> _SOURCE MATERIAL_:
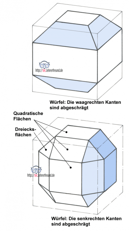 Ich habe die waagrechten Kanten so abgeschrägt, dass oben und unten quadratische Flächen übrig bleiben. Alle anderen Flächen besitzen eine Rechteck- oder Trapezform.
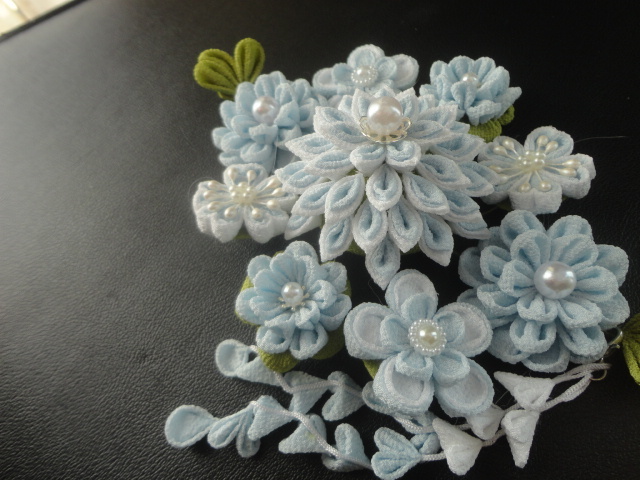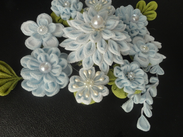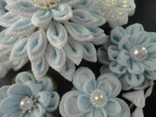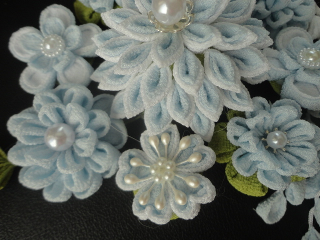 ★otowa★花かんざし★バレッタ★薄藍色★ブルー系★★式★入園★入学★卒園★卒業★和装★着物★袴★つまみ細工★ショートカット★RRB003
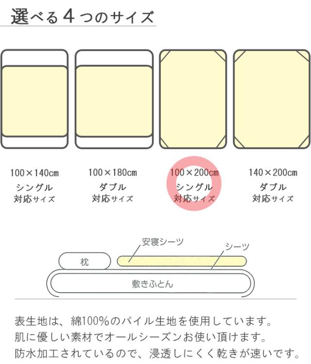 防水加工されているため浸透しにくく、不安な夜も安心のシーツです。
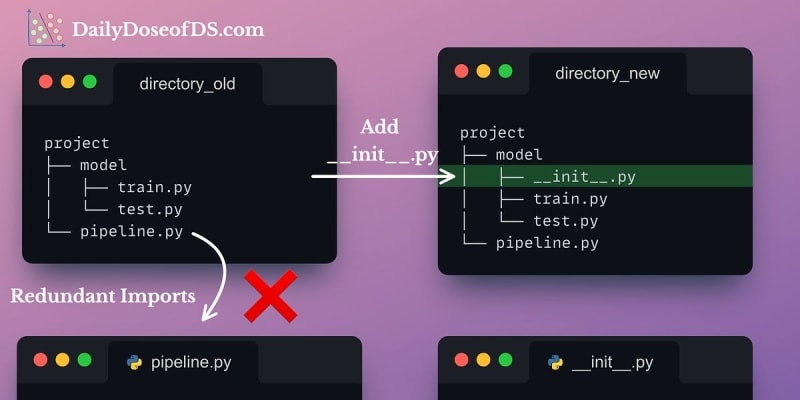 Learn how to simplify your Python project imports by explicitly packaging your project with an __init__.py file. This method not only helps to avoid redundant imports but also allows you to specify which classes and functions can be imported from the package. The article explains the difference between modules, packages, and

> _PROMPT_: Keep the pictures out and repeat exactly the lines from the beginning of the data through the line that contains "防水加工されているため浸透しにくく、不安な夜も安心のシーツです。", both ends included.

> _RESPONSE_:
 Ich habe die waagrechten Kanten so abgeschrägt, dass oben und unten quadratische Flächen übrig bleiben. Alle anderen Flächen besitzen eine Rechteck- oder Trapezform.
 ★otowa★花かんざし★バレッタ★薄藍色★ブルー系★★式★入園★入学★卒園★卒業★和装★着物★袴★つまみ細工★ショートカット★RRB003
 防水加工されているため浸透しにくく、不安な夜も安心のシーツです。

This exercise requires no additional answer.